Fluid streams derived from natural gas reservoirs, petroleum or coal, often contain a significant amount of acid gases, for example carbon dioxide (CO2), hydrogen sulfide (H2S), sulfur dioxide (SO2), carbon disulfide (CS2), hydrogen cyanide (HCN), carbonyl sulfide (COS), or mercaptans as impurities. Said fluid streams may be gas, liquid, or mixtures thereof, for example gases such as natural gas, refinery gas, hydrocarbon gasses from shale pyrolysis, synthesis gas, and liquids such as liquefied petroleum gas (LPG) and natural gas liquids (NGL).

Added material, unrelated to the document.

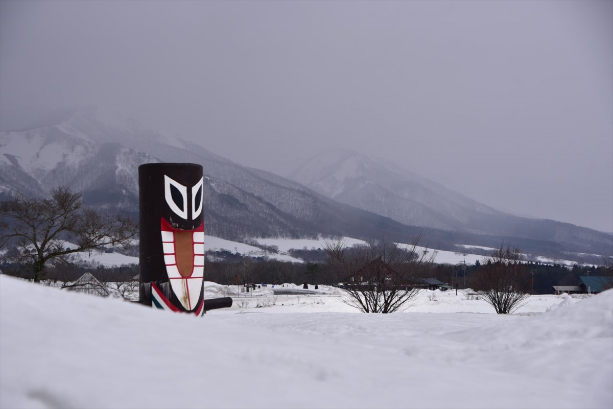 人の考えていることが分かり、悪いことを企んでいると、スイーと現れ一本足でトンと立つ妖怪「スイトン」。悪いことを考えた人は、たちまち引き裂かれ食べられてしまうので、蒜山には悪人がいないそうです。蒜山高原の色んな場所にスイトンのトーテムポールが立っています。

Various compositions and processes for removal of acid gasses are known and described in the literature. It is well-known to treat gaseous mixtures with aqueous amine solutions to remove these acidic gases. Typically, the aqueous amine solution contacts the gaseous mixture comprising the acidic gases counter currently at low temperature and high pressure in an absorber tower. The aqueous amine solution commonly contains an alkanolamine such as triethanolamine (TEA), methyldiethanolamine (MDEA), diethanolamine (DEA), monoethanolamine (MEA), diisopropanolamine (DIPA), or 2-(2-aminoethoxy)ethanol (sometimes referred to as diglycolamine or DGA). In some cases, an accelerator, is used in combination with the alkanolamines, for example piperazine and MDEA as disclosed in U.S. Pat. Nos. 4,336,233; 4,997,630; and 6,337,059. Alternatively, EP 0134948 discloses mixing an acid with select alkaline materials such as MDEA, to provide enhanced acid gas removal. However, EP0134948 teaches that only a select class of alkaline materials mixed with an acid is useable in aqueous alkaline solutions to provide increased acid gas removal.

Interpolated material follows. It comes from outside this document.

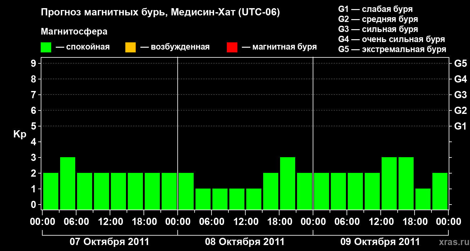 Прогноз магнитных бурь в Медисин-Хате — 7 октября 2011 года

Tertiary amines, such as 3-dimethylamino-1,2-propanediol (DMAPD), have been shown to be effective at removing CO2 from gaseous mixtures, see U.S. Pat. No. 5,736,116 or DMAPD in conjunction with piperazine, see WO2014/004019, or DMAPD in conjunction with an acid, see WO 2014/004020. Further, in specific processes, e.g., the Girbotol Process, tertiary amines have been shown effective in removal of H2S, but show decreased capacity at elevated temperatures, for examples see “Organic Amines-Girbotol Process”, Bottoms, R. R., The Science of Petroleum, volume 3, Oxford University Press, 1938, pp 1810-1815.
While the above compounds are effective, they each have limitations which detract from their universal use. In particular, it would be desirable to have an aqueous composition comprising an alkanolamine for removing H2S from a gaseous mixture and/or an aqueous alkanolamine solution which is efficient at removing acid gases at a commercially viable capacity when the aqueous solution is used at an elevated temperature, for example above 140° F.
As such, there is a need for an aqueous alkanolamine solution and method to use said solution, which is effective at removing hydrogen sulfide from gaseous mixtures and/or removing hydrogen sulfide at elevated operating temperatures.